SCORE is an organization that provides free, expert mentoring, resources and education to entrepreneurs to start, grow or successfully exit a business. It has compiled this checklist for businesses seeking loans. For more detailed instructions on the items below and planning guidance, refer to Score’s Business Planning Templates available at Score.org.
Business Plan
- Description of business: What business are you in? What do you do?
- Products and services: Describe in depth your products and services. What factors give you competitive
advantages? What is the pricing/fee for you products or services. - History of business: Years in business, previous owners, successes, failures, lessons learned, reputation in community, sales and profit history, number of employees, and events that affected success. Discuss significant past problems and how you solved and survived them.
- Competition: What products and companies compete with you? List your major competitors. Include a SWOT—Strengths, Weaknesses, Opportunities and Threats—analysis
- Marketing plan: Provide an outline of your marketing. How will you promote and advertise, what is your budget for this?
- Operational plan: Explain the daily operation of the business, its location, equipment, people, processes, and surrounding environment, as well as environmental issues
- Management and organization: Who manages the business on a day-to-day basis? What experience does that person bring to the business? What special or distinctive competencies? Include history of management team, resume, succession planning
- Ownership and structure: Is you business structure a sole proprietor, partnership, corporation, or limited
liability corporation (LLC).
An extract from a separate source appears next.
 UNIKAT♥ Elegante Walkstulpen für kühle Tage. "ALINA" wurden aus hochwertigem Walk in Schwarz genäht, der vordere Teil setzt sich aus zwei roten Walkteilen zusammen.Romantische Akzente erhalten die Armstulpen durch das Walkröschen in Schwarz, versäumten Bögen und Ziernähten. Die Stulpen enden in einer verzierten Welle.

If there are partners or investors that own more than 20%, describe that structure. Include a Certificate of formation with the Secretary of State showing the business is in good standing. Include a partnership agreement if you have one, tax ID, percentage of ownership by principles.
Employment
(This is required when working with an economic development organization.)
- Current level of employees (including description of payroll)
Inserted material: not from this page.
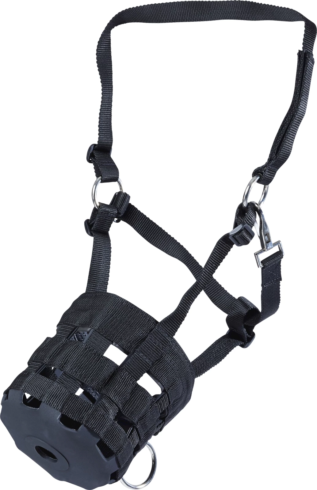 Unsere hochwertige Fressbremse hindert Ihr Pferd an einer übermässigen Nahrungsaufnahme. Dieser Maulkorb mit Verstärkung im Maulbereich sorgt dafür, dass Ihr Pferd weniger Gras fressen kann. Ihr Pferd kann trotzdem am Weidegang teilnehmen, kann aber nicht zu viel Gras zu sich nehmen. Durch den Schnappverschluss am Kehlriemen kann das Halfter einfach An- und Abgezogen werden. Er ist im Genick durch einen Klettverschluss und durch 3 verschiedene Regler anpassbar. Der Klettverschluss im Genick öffnet sich bei zu hoher Krafteinwirkung und verhindert so ein Hängen bleiben. Wir empfehlen diese Fressbremse vorallem für Pferde mit Insulinresistenz oder Übergewicht. Grösse: Cob. Farbe: Schwarz.

- Description of jobs created (including function, numbers, wages)
- Wages
- Job function (full or part-time)
- Training needs, skills needed
Financial
Personal finances, including:
- A personal financial statement (SBA form-413) signed by both spouses for SBA 504 or 7A and anyone owning more than 20% of the business.
- Three years of personal tax returns, complete with all schedules.
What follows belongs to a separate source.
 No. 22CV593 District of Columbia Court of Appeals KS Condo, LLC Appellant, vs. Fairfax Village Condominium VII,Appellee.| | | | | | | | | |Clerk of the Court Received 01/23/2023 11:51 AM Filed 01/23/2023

Business Finances, including:
- SBA 4506 form
- Three years of business tax returns completes with all schedules, all businesses owned more than 20%.
- Debt-to-income ratio (bank will complete their own). The debt-to-income ratio is one way lenders measure an individual’s ability to manage monthly payment and repay debts. It is calculated by dividing total recurring monthly debt by gross monthly income, and it is expressed as a percentage. While accepted debt-to-income ratios vary by lender, generally a DTI of 36% or lower is considered a good debt-to-income ratio. Many lenders will finance (up to) a 43% DTI. If your DTI is higher than 43%, you may have a hard time getting approved for a loan. You should consider lowering your DTI before applying.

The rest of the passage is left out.